[<prev] [next>] [day] [month] [year] [list]
Message-ID: <20130509091223.11334.qmail@science.horizon.com>
Date: 9 May 2013 05:12:23 -0400
From: "George Spelvin" <linux@...izon.com>
To: linux-ext4@...r.kernel.org
Cc: linux@...izon.com
Subject: Sporadic metadata_csum errors
This is a "does this ring any bells" report, not yet a formal Bug Report.
As I said, I'm not 100% sure of the hardware, and metadata_csum may just
be catching previously invisible corruption.
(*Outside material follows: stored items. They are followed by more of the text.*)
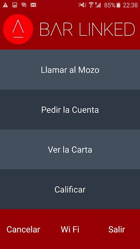 Bar-Linked permite llamar al mozo, solicitar la cuenta, leer el menú, obtener los datos de la conexión WiFi, y calificar al bar.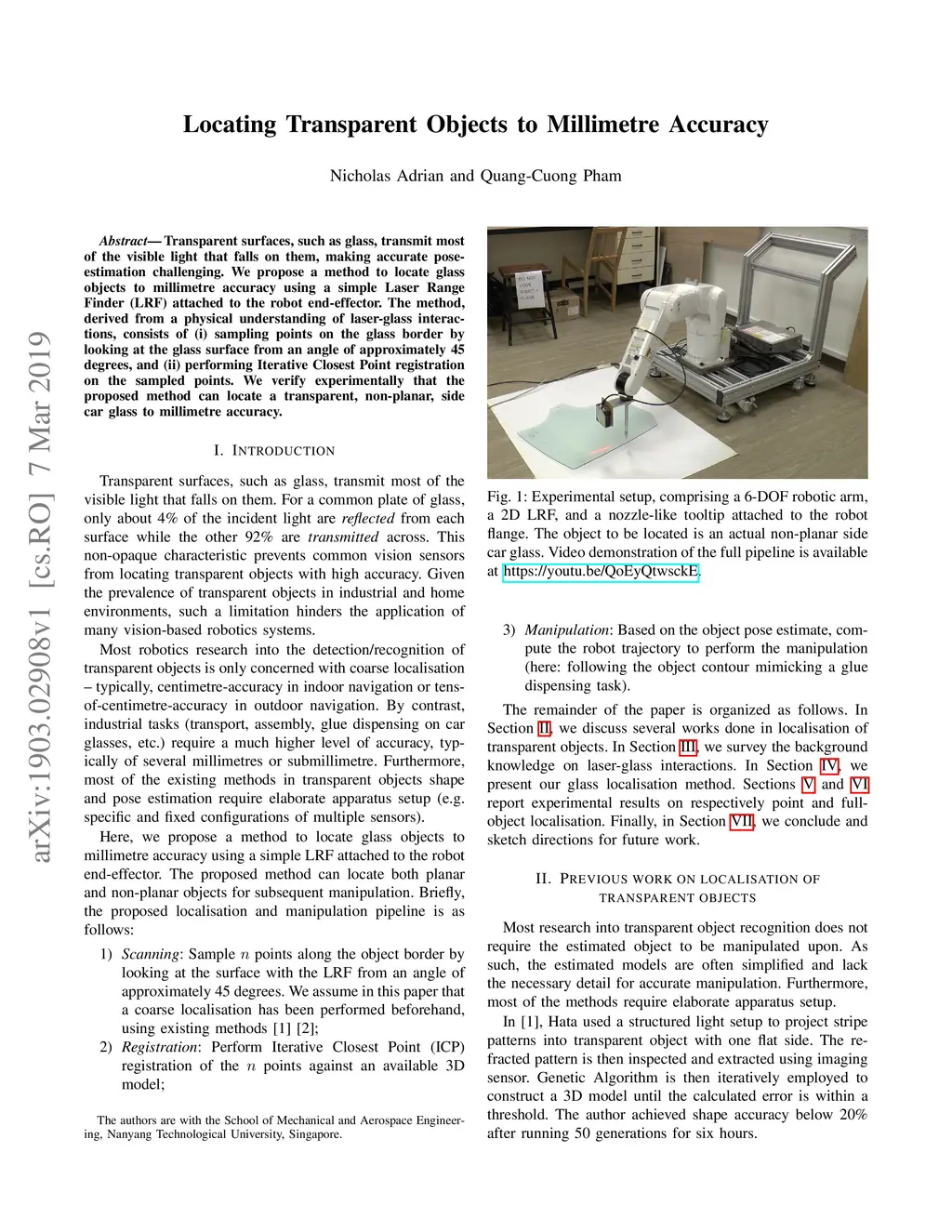 Locating Transparent Objects to Millimetre Accuracy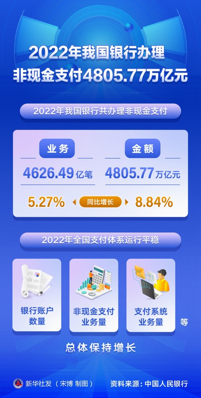 2022年我國(guó)銀行辦理非現(xiàn)金支付4805.77萬億元

One computer I've been running metata_csum on keeps bombing out
every couple of weeks with a kernel error like
[178447.345677] EXT4-fs error (device sda2): ext4_iget:4192: inode #892311: comm udisks-helper-a: checksum invalid
[178447.345682] Aborting journal on device sda2-8.
[178447.345891] EXT4-fs (sda2): Remounting filesystem read-only
[178447.346158] EXT4-fs error (device sda2): ext4_iget:4192: inode #892311: comm udisks-helper-a: checksum invalid
[180246.010747] EXT4-fs error (device sda2): ext4_iget:4192: inode #892311: comm udisks-helper-a: checksum invalid
[180246.011846] EXT4-fs error (device sda2): ext4_iget:4192: inode #892311: comm udisks-helper-a: checksum invalid
# debugfs -n /dev/sda2
debugfs 1.43-WIP (22-Sep-2012)
debugfs: stat <892311>
Inode: 892311 Type: regular Mode: 0644 Flags: 0x80000
Generation: 444873085 Version: 0x00000000:00000001
User: 0 Group: 0 Size: 322
File ACL: 0 Directory ACL: 0
Links: 1 Blockcount: 8
Fragment: Address: 0 Number: 0 Size: 0
ctime: 0x502c7f65:37e9cca0 -- Thu Aug 16 01:04:37 2012
atime: 0x5189802e:431ad914 -- Tue May 7 18:29:02 2013
mtime: 0x5027d0d3:00000000 -- Sun Aug 12 11:50:43 2012
crtime: 0x502c7f06:c76d7c10 -- Thu Aug 16 01:03:02 2012
Size of extra inode fields: 28
Inode checksum: 0x9fe97671
EXTENTS:
(0):7475957
However, without -n, I get "stat: Inode checksum does not match inode
while reading inode 892311". I can read 892310 and 892312.
A few notes:
* Processor is i3-530, with SSE 4.2 (CRC32)
* The hardware has been pretty good to me for about a year, but I'm
not 100% sure of it. I used to be annoyed that the RAM inexplicably
wasn't stable at 1600 MHz, then after figuring out that it could run
mprime (prime95) for 24 hours at 1530 MHz, I discovered that it was
specified for 1333. :-( I haven't re-run that stability test lately.
* This has happened at least four times so far. It's always the root file system, and not /home on /dev/sda3. Even though they're configured
almost identically. I have e2fsck logs from the last two (and this one,
as soon as I fix it).
* Each time, e2fsck finds a couple of corrupted inodes and no other damage.
* This latest is with 3.9 + the ext4/dev tree, which fixed a metadata_csum
bug. I held off reporting the others because there was a known bugfix I
didn't have.
* The file (/etc/udev/udev.conf in this case) appears uncorrupted when
esamined with debigfs -n. (Mut mi doesn't fix the checksum :-(.)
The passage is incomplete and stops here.